Monday, May 21, 2012

Ease Up on the Legalese

The recent Mother’s Day holiday reminded me of the role that some very strong women have played in my life.  Without them, I most certainly would never have become the woman I am today.  For many of us in the younger generation of lawyers, our mothers held down full-time jobs while also serving as the house cleaners, checkbook balancers, carpool drivers, and homework helpers.  Our fathers, on the other hand, had the enviable task of simply working for a living.*
When I was in law school, I took a Poverty Law seminar in which I wrote a paper about payday lending and the various ways in which the states have attempted to regulate these usurious schemes.  I distinctly recall a conversation with my mother, who has both a bachelor’s and master’s degree, in which she said,

“I’d love to read your paper if you think I’m smart enough to understand it.” 

Her comment underscores one of the very problems with the legal system today—its inaccessibility, or perceived inaccessibility, to non-lawyers. 
With respect to legal writing, the recent trend has been a movement away from legalese to plain language.   I do not know whether this trend is attributable to Generation X and Generation Y, the overall societal movement away from formality in writing (for example, the use of texting and Twitter to communicate), the transition to email as the primary means of communication, or some other trend.  Regardless of the reason, I think the movement toward plain language is positive in that it de-mystifies the law, even if just a little, for non-lawyers and does away with legalese that is sometimes difficult for even lawyers to understand.
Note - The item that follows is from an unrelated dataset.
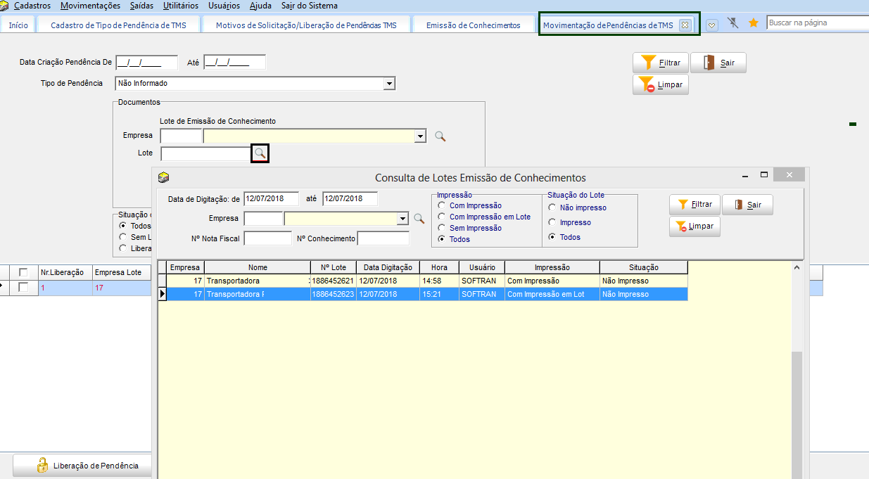 Em Movimentações > Liberação de Pendências TMS, será apresentada as pendências solicitadas, que pode ser filtrada diretamente pelo lote do conhecimento:

Some of my "favorite" legalese and the plain language alternatives

Legalese                                      Plain Language

Inasmuch as                                Since/Because

With respect to                            About

Null and void                               Null/Void

Sufficient number of                    Enough

During such time as                     While

Notwithstanding the fact that        Although/Despite

*For those of you who think women and men are anywhere close to "equal," Google the name "Kathleen M. Sullivan."  She is believed to be the first female name partner at an AmLaw 100 firm.  Guess when she was made a name partner?  I'll give you a hint--it wasn't during the 20th century.  Think MMX.